Rather than continuing to build and maintain increasingly complex issuing infrastructure in-house, lenders are being encouraged towards a managed-services model that promises faster deployment, lower operational strain and more room for front-end innovation.

The agreement will allow Nexi to deliver end-to-end managed issuing products for banks offering Visa cards in the German market.

In practical terms, that means financial institutions can access a ready-made operating model spanning implementation, compliance, operations and ongoing product development, while focusing their own internal resources on customer propositions and commercial growth.

Germany is a significant proving ground for this approach. It is a market where banks face mounting pressure from digital-native competitors, rising consumer expectations and an expanding list of security, tokenisation and regulatory requirements.

Against that backdrop, the attraction of outsourcing much of the issuing stack is becoming more obvious.

A Shift from Building In-House to Buying Capability

What makes the Nexi –Visa partnership notable is that it reinforces a structural shift already gathering pace across European payments. Banks are moving away from the idea that every element of payments infrastructure must be internally developed and controlled.

Instead, many are concluding that industrialised third-party platforms can deliver scale and resilience more efficiently.

Nexi’s proposition is built around this logic. Its managed issuing model, already used in Italy, is designed to remove the operational burden that often slows down card programme development.

For German banks, that could mean launching new offerings without committing substantial internal technology capacity or becoming entangled in complex back-end change programmes.

The collaboration also reflects Visa’s interest in remaining deeply embedded in the next phase of issuing transformation. By aligning with Nexi, the network is helping shape how banks access innovation, security features and digital capabilities in a more outsourced environment.

Why the German Market Matters

Germany has historically been a demanding market for payments transformation, not least because of its regulatory discipline, entrenched banking structures and cautious pace of infrastructure change.
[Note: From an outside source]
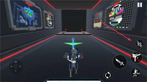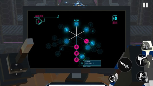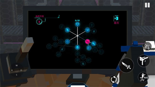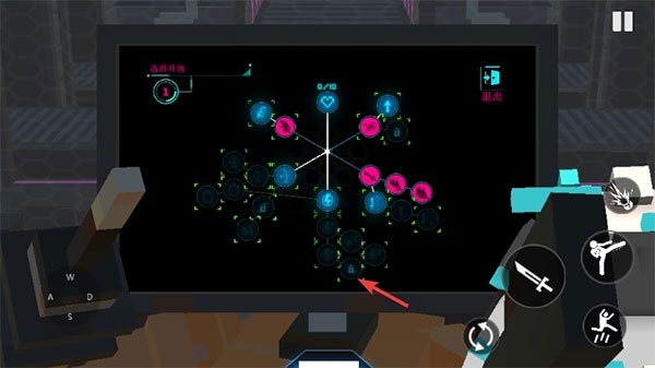 1. 返回地下仓库,接近前方机器人,点击右上角出现的升级按钮,即可开启技能升级界面。

That is precisely why this deal matters. If a fully managed issuing model gains traction there, it strengthens the case for similar arrangements elsewhere in Europe.

Through Nexi Ready, banks will be able to roll out more tailored card propositions, including premium products for affluent customers, SME cards with embedded controls and youth-focused digital-first offerings.

The commercial significance lies in speed and flexibility: banks can bring differentiated products to market while relying on a scalable issuing backbone.

More Than a Bilateral Partnership

This is not simply a distribution agreement between two payments groups. It is a statement about where card issuing is heading.

As compliance demands rise and customer expectations continue to shift, the value in payments is moving away from owning commodity infrastructure and towards designing compelling user experiences.

For German banks, the Nexi-Visa partnership offers a route to that future. For the wider European market, it may serve as a blueprint for how issuing modernisation is likely to unfold over the next several years.